Are Your Expectations Too High? | Black Mesh Embroidered Top | 11.02.18
Some people say that the key to happiness is low expectations. If you’re not expecting much, you can’t be disappointed, right? While this might be true, something about stumbling through life with your sights set low seems terribly sad to me. Of course, there are some moments when it’s useful. For example, your grade on that essay you wrote in the two hours before the deadline is always going to be easier to swallow if you’re expecting a fail – I can tell you that for a fact! However, low expectations can actually be downright harmful, especially when they concern relationships.
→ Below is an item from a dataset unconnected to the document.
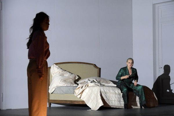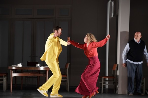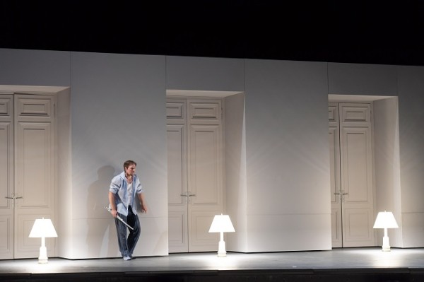 Nun sieht das Publikum in der aktuellen Neuproduktion von Mozarts letzter Oper, wenn der Vorhang sich nach der dankenswerterweise unbebilderten Ouvertüre hebt, ein Bühnenbild (Andrew Lieberman), wie es sich in ungezählten Loy- und Guth-Produktionen als idealer Hintergrund für ausgefeilte Personenregie erwiesen hat: Weiße, schmucklose Wände, viele Türen, zurückhaltende, edle klassizistische Möblierung. Auch ein Flügel darf in diesem gutbürgerlichen Haushalt nicht fehlen. Auf der Drehbühne sind unterschiedliche Räume angeordnet, durch welche Tamino bis zur ersten Pause wie benommen in Pyjamahose und dicken Socken schlafwandlergleich herumschlurft. Natürlich wird er zu Beginn von keiner Schlange verfolgt und folglich auch nicht von den drei Damen errettet. Diese sind als Party-Girls mit Champagnerflaschen ausgestattet und necken beschwippst den verschlurften Prinzen und den inzwischen hinzugetretenen, in einen zitronengelben Dreiteiler gewandeten Papageno.
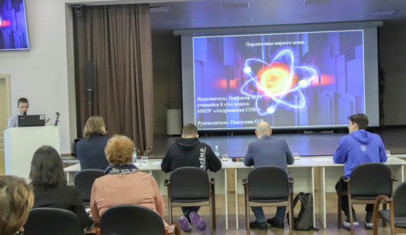 — Никита Титков, 11 класс МБОУ» СОШ № 21 г. Владимир», тема «Современные радиационные технологии на службе человека». ИЦАЭ Владимира регулярно организует совместные проекты с детским технопарком «Кванториум», направленные на популяризацию науки и атомных технологий.

Unfortunately, I can tell you that for a fact, too.
Aside from a brief period in my teens when I didn’t demand my worth from a boy who certainly wasn’t worth me (a mistake I will never make again!), I’ve always gone through life with high expectations. Often, it does lead to disappointment. For example, I spent my teenage years dreaming of a future in London marked by twinkling lights, never-ending music and friendships that would last a lifetime. Instead, the pollution gave me asthma, depression blessed me with a three year creative dry spell and the big city left me lonelier than ever. It’s all good fun in London!
Maybe it doesn’t sound like I’m making a good case for high expectations. However, while the reality of London hasn’t been great, the dreaming was wonderful and served as a huge source of motivation during my teen years. My imaginings provided me with the forward motion I needed to gain my place at university, earn the grades and smash my music exams, but most importantly, I felt excited by life.
During my unhappy time at university, I’ve tried living with my expectations at rock bottom. With my confidence plummeting and my goals diminishing, it’s been difficult to aim high. At times, I didn’t even expect to be alive at the end of the year, let alone complete my degree. Obviously, I’m alive with a 2.1 under my belt so I exceeded my low expectations, but has that made me happy? Far from it, and that’s because achieving the bare minimum can never satisfy you in the way that realising your wildest dreams can.
At the moment, my numbers are waning. My growth across all of my platforms has halted following my rebrand, and this should be extremely disheartening to me. However, while it’s mildly frustrating, the hard feelings end there. It’s just a blip on my path to bigger, better things. If you don’t dream big, you can never achieve the unimaginable. Even if you don’t manage that, you can enjoy the fantasy of it all. For now, I’m forgetting the short term and I’m aiming my arrows high. My problems haven’t gone away, but is it wrong to dream that they will?